→ **TASK TO CARRY OUT**
The entire listing below is to be written out exactly, minus the pictures.

→ **DATA SHOWN**
####
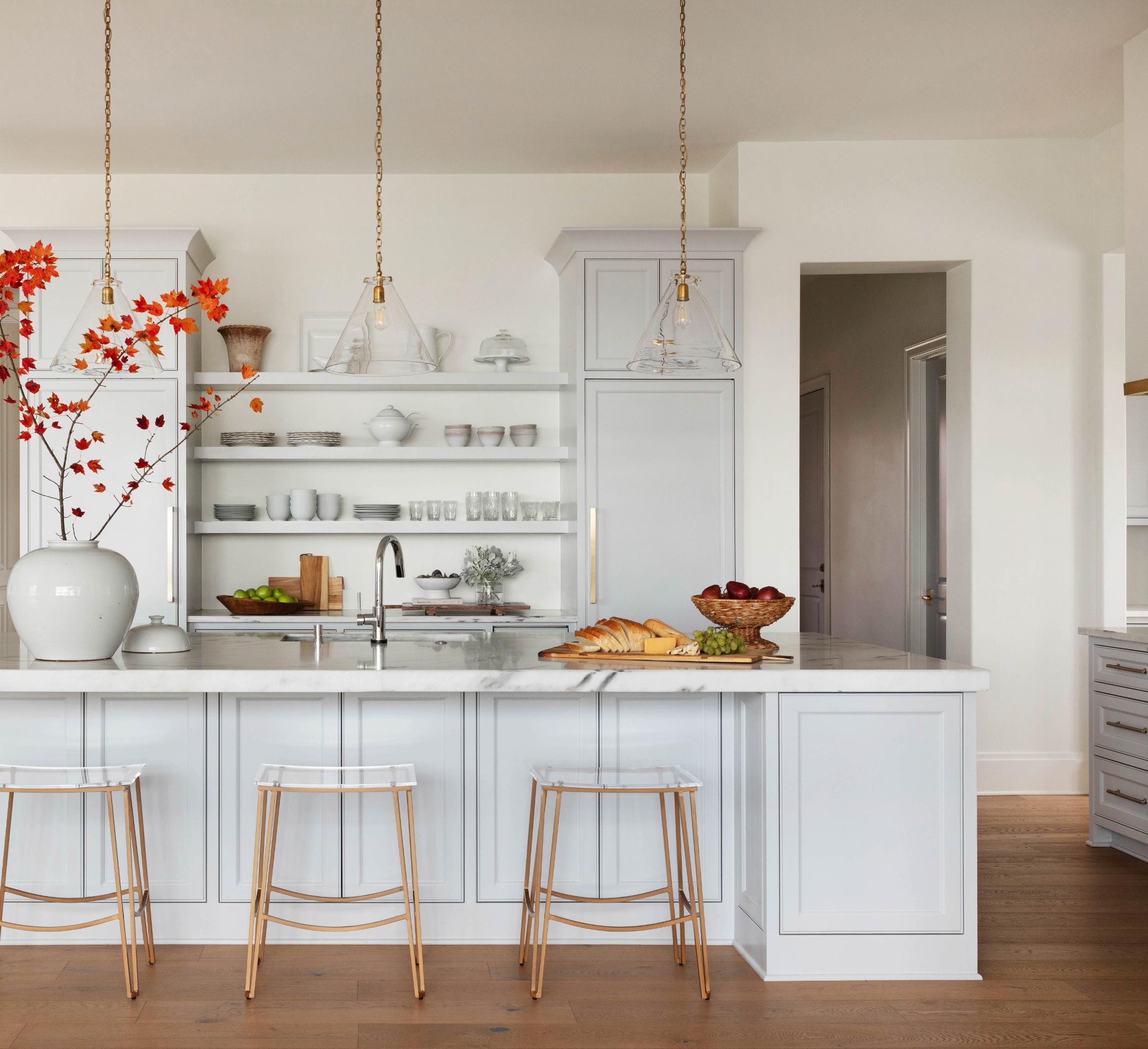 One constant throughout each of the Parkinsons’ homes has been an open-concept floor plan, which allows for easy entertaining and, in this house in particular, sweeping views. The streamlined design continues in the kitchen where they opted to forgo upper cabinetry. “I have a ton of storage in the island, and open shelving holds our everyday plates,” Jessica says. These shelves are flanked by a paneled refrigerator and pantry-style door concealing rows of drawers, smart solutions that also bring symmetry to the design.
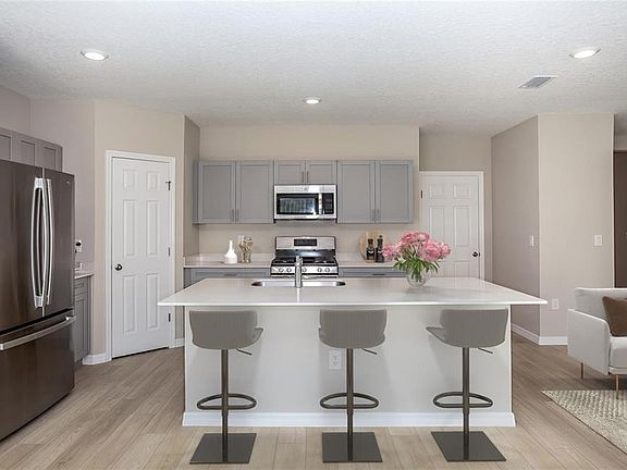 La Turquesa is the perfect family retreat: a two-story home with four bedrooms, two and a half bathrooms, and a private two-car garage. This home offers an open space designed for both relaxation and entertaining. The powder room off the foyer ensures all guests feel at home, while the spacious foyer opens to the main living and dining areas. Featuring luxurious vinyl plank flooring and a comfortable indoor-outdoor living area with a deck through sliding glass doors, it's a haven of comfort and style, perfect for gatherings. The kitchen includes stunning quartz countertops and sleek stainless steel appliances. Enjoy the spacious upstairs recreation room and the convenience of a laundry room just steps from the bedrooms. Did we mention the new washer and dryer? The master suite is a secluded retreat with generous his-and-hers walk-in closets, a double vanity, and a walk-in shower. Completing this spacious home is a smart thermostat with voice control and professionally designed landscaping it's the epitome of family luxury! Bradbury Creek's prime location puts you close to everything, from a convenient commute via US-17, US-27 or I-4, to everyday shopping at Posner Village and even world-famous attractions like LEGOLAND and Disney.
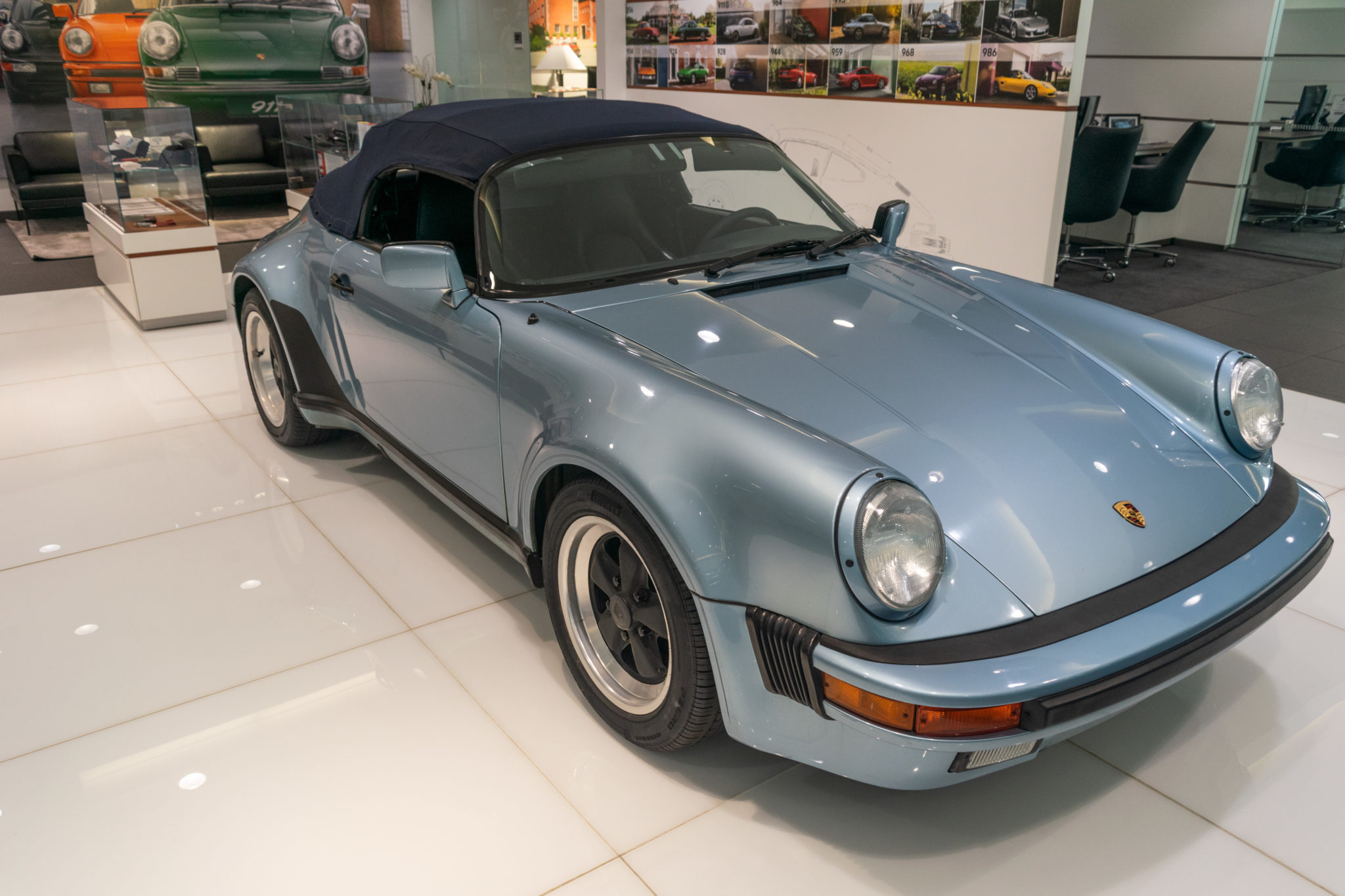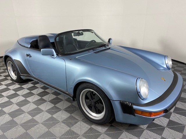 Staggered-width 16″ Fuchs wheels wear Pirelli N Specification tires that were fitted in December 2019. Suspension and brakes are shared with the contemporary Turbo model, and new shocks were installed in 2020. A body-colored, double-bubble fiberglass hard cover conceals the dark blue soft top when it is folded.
####
→ **PROBLEM SOLUTION**
 One constant throughout each of the Parkinsons’ homes has been an open-concept floor plan, which allows for easy entertaining and, in this house in particular, sweeping views. The streamlined design continues in the kitchen where they opted to forgo upper cabinetry. “I have a ton of storage in the island, and open shelving holds our everyday plates,” Jessica says. These shelves are flanked by a paneled refrigerator and pantry-style door concealing rows of drawers, smart solutions that also bring symmetry to the design.
 La Turquesa is the perfect family retreat: a two-story home with four bedrooms, two and a half bathrooms, and a private two-car garage. This home offers an open space designed for both relaxation and entertaining. The powder room off the foyer ensures all guests feel at home, while the spacious foyer opens to the main living and dining areas. Featuring luxurious vinyl plank flooring and a comfortable indoor-outdoor living area with a deck through sliding glass doors, it's a haven of comfort and style, perfect for gatherings. The kitchen includes stunning quartz countertops and sleek stainless steel appliances. Enjoy the spacious upstairs recreation room and the convenience of a laundry room just steps from the bedrooms. Did we mention the new washer and dryer? The master suite is a secluded retreat with generous his-and-hers walk-in closets, a double vanity, and a walk-in shower. Completing this spacious home is a smart thermostat with voice control and professionally designed landscaping it's the epitome of family luxury! Bradbury Creek's prime location puts you close to everything, from a convenient commute via US-17, US-27 or I-4, to everyday shopping at Posner Village and even world-famous attractions like LEGOLAND and Disney.
 Staggered-width 16″ Fuchs wheels wear Pirelli N Specification tires that were fitted in December 2019. Suspension and brakes are shared with the contemporary Turbo model, and new shocks were installed in 2020. A body-colored, double-bubble fiberglass hard cover conceals the dark blue soft top when it is folded.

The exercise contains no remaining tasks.